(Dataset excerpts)
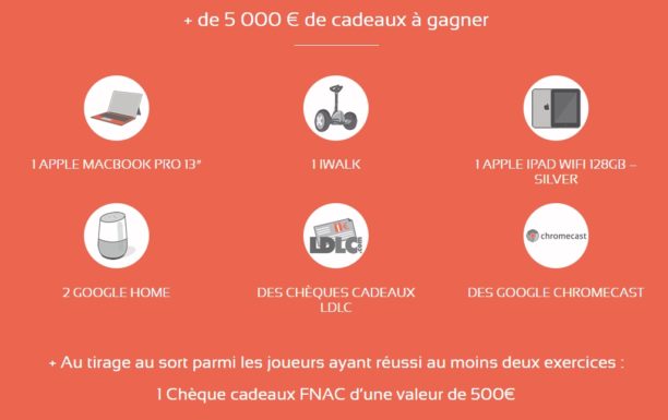 Pour les plus rapides et les meilleurs, de nombreux cadeaux sont en effet à gagner : 1 Mac Book Pro, 1 iWalk, 1 iPad, 2 Google Home, des chèques cadeaux LDLC, des Chromecast… Plus de 5000€ de cadeaux seront distribués aux gagnants. Un tirage au sort permettra aussi à un participant de remporter un Chèque Cadeaux Fnac d’une valeur de 500€.
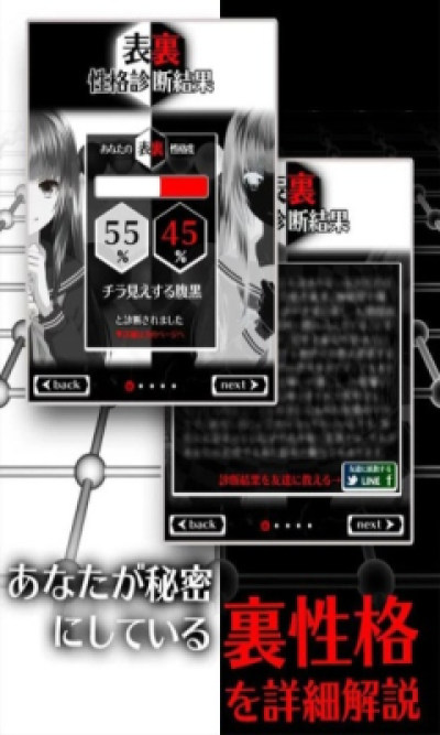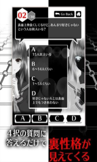 表里性格诊断是一款日系风格的心理诊断游戏,游戏中怪异的少女等你来进行鉴定,通过回答问题和判断来进行诊断,非常有趣的游戏,快来下载吧。
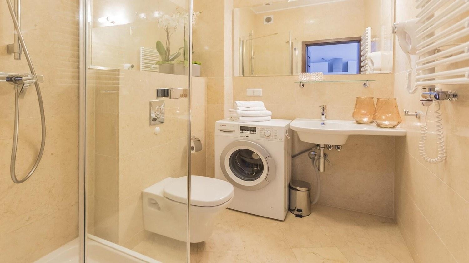 Obecność pralki i zmywarki okazała się miłym zaskoczeniem. Przy pobycie z rodziną to wielki plus. Bardzo duże łóżko w sypialni pozwoliło na wygodne spanie rodziców z małym dzieckiem. Miejsce w garażu /bez dodatkowej opłaty/ to też zaleta apartamentu.
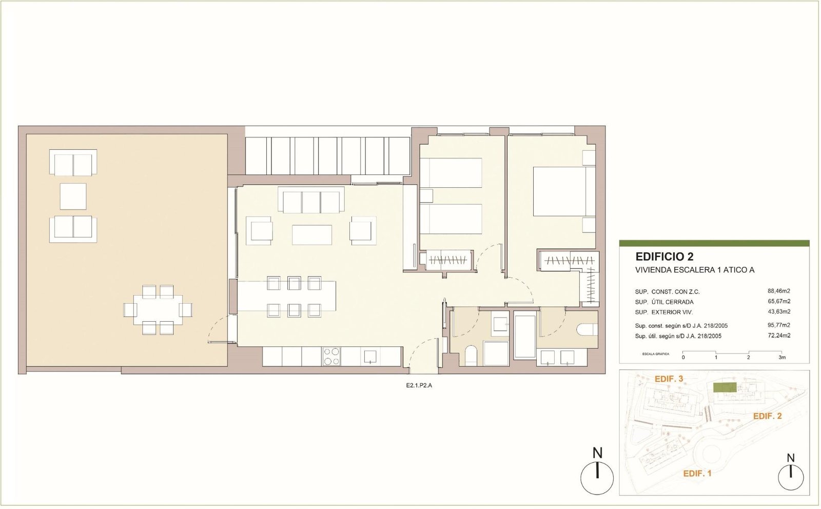 Private residential complex with swimming pool, garden areas and children’s playground. The design of this residential has sought to integrate the construction with its surroundings, taking advantage of the topography of the plot, which allows 360º views of the sea and the mountains.
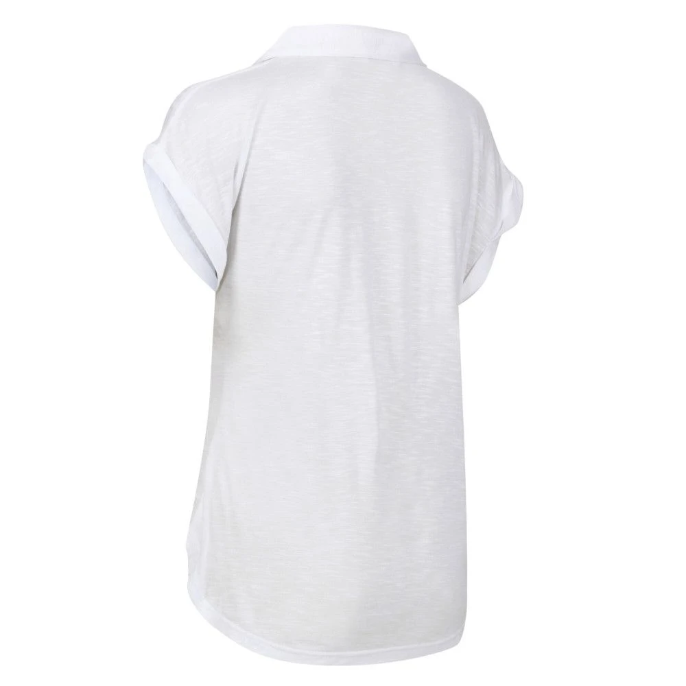 Make every move of yours count by wearing this Regatta Women’s Lupine Polo Shirt. It is cool, comfortable, and stylish so you can wear it to casual outings or a movie night. The shirt has a collared V-neckline with short sleeves and drop shoulders. It is made of pure viscose jersey fabric for durability, moisture-wicking, and breathability. Pair this polo with your favourite jeans and sneakers to complete the ensemble.
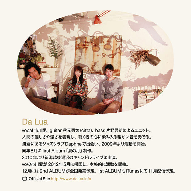 東京・神奈川を中心に活動するユニット「Da Lua」(vocal 市川愛 guitar 秋元勇気[citta] bass片野吾朗)を迎え、バーにふさわしい、柔らかくも力強い表現豊かなボーカルから紡ぎだされる、優しい音に包まれる空間を創りだしていきます。
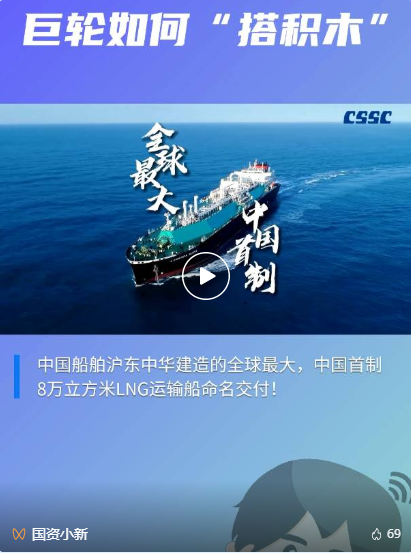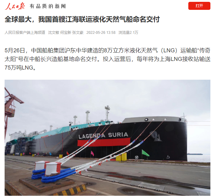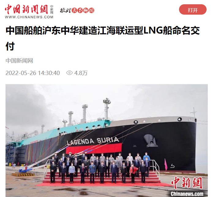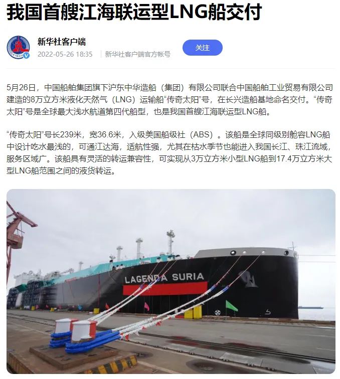 5月26日,中國船舶集團旗下滬東中華聯(lián)合中船貿(mào)易建造的8萬立方米液化天然氣(LNG)運輸船“傳奇太陽”號在長興造船基地命名交付。“傳奇太陽”號是全球最大淺水航道第四代、我國首款首制首艘江海聯(lián)運型LNG船,填補了中國淺水航道LNG船的空白,在該細分市場占有率最高,有望成為中國船舶制造的又一精品船型。
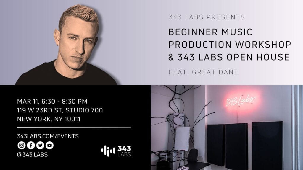 Meet Max Wild, founder of 343 Labs, and learn about the One-Year Producer Program, offered in NYC, Berlin and online. Ask questions about the program, meet some of the instructors, and get a feel for the community. Veteran instructors Great Dane and John Selway will be giving a demo on how to create a track in real-time and share their unique approach to music production. This session is a free event and will be hosted on Zoom, open to anyone interested in the One-Year Program.
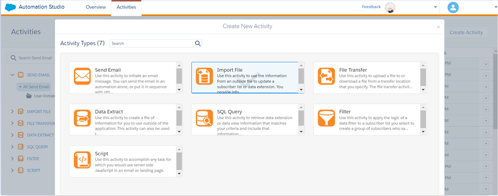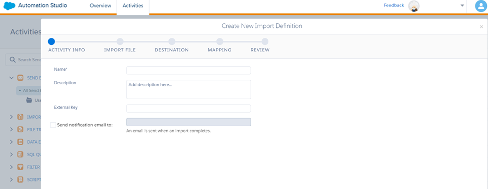 Import Activity: For importing data from any other source like FTP, Salesforce reports, etc., then this activity is not used. We can import data into data extension using import activity.
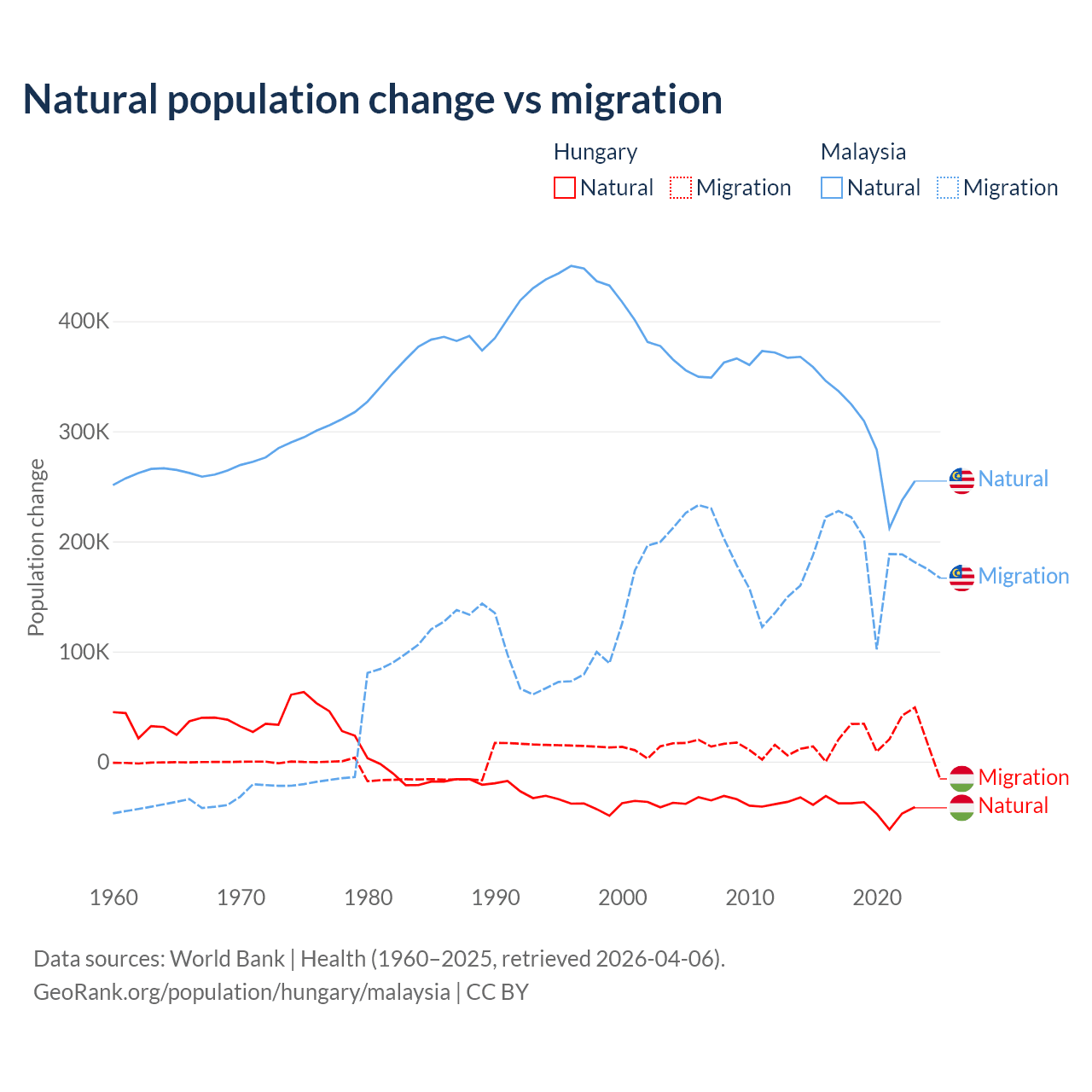 Over the last 10 years, 63.7% of the population change in Hungary is from natural causes (a loss of 412,838 people) and 36.3% is from migration (a gain of 234,837 people). In Malaysia 61.7% is from natural causes (a gain of 3,029,648 people) and 38.3% is from migration (a gain of 1,882,159 people).

What the exercise asks
Copy the records above exactly. The pictures are not part of the copy.

Output for this exercise
 Pour les plus rapides et les meilleurs, de nombreux cadeaux sont en effet à gagner : 1 Mac Book Pro, 1 iWalk, 1 iPad, 2 Google Home, des chèques cadeaux LDLC, des Chromecast… Plus de 5000€ de cadeaux seront distribués aux gagnants. Un tirage au sort permettra aussi à un participant de remporter un Chèque Cadeaux Fnac d’une valeur de 500€.
 表里性格诊断是一款日系风格的心理诊断游戏,游戏中怪异的少女等你来进行鉴定,通过回答问题和判断来进行诊断,非常有趣的游戏,快来下载吧。
 Obecność pralki i zmywarki okazała się miłym zaskoczeniem. Przy pobycie z rodziną to wielki plus. Bardzo duże łóżko w sypialni pozwoliło na wygodne spanie rodziców z małym dzieckiem. Miejsce w garażu /bez dodatkowej opłaty/ to też zaleta apartamentu.
 Private residential complex with swimming pool, garden areas and children’s playground. The design of this residential has sought to integrate the construction with its surroundings, taking advantage of the topography of the plot, which allows 360º views of the sea and the mountains.
 Make every move of yours count by wearing this Regatta Women’s Lupine Polo Shirt. It is cool, comfortable, and stylish so you can wear it to casual outings or a movie night. The shirt has a collared V-neckline with short sleeves and drop shoulders. It is made of pure viscose jersey fabric for durability, moisture-wicking, and breathability. Pair this polo with your favourite jeans and sneakers to complete the ensemble.
 東京・神奈川を中心に活動するユニット「Da Lua」(vocal 市川愛 guitar 秋元勇気[citta] bass片野吾朗)を迎え、バーにふさわしい、柔らかくも力強い表現豊かなボーカルから紡ぎだされる、優しい音に包まれる空間を創りだしていきます。
 5月26日,中國船舶集團旗下滬東中華聯(lián)合中船貿(mào)易建造的8萬立方米液化天然氣(LNG)運輸船“傳奇太陽”號在長興造船基地命名交付。“傳奇太陽”號是全球最大淺水航道第四代、我國首款首制首艘江海聯(lián)運型LNG船,填補了中國淺水航道LNG船的空白,在該細分市場占有率最高,有望成為中國船舶制造的又一精品船型。
 Meet Max Wild, founder of 343 Labs, and learn about the One-Year Producer Program, offered in NYC, Berlin and online. Ask questions about the program, meet some of the instructors, and get a feel for the community. Veteran instructors Great Dane and John Selway will be giving a demo on how to create a track in real-time and share their unique approach to music production. This session is a free event and will be hosted on Zoom, open to anyone interested in the One-Year Program.
 Import Activity: For importing data from any other source like FTP, Salesforce reports, etc., then this activity is not used. We can import data into data extension using import activity.
 Over the last 10 years, 63.7% of the population change in Hungary is from natural causes (a loss of 412,838 people) and 36.3% is from migration (a gain of 234,837 people). In Malaysia 61.7% is from natural causes (a gain of 3,029,648 people) and 38.3% is from migration (a gain of 1,882,159 people).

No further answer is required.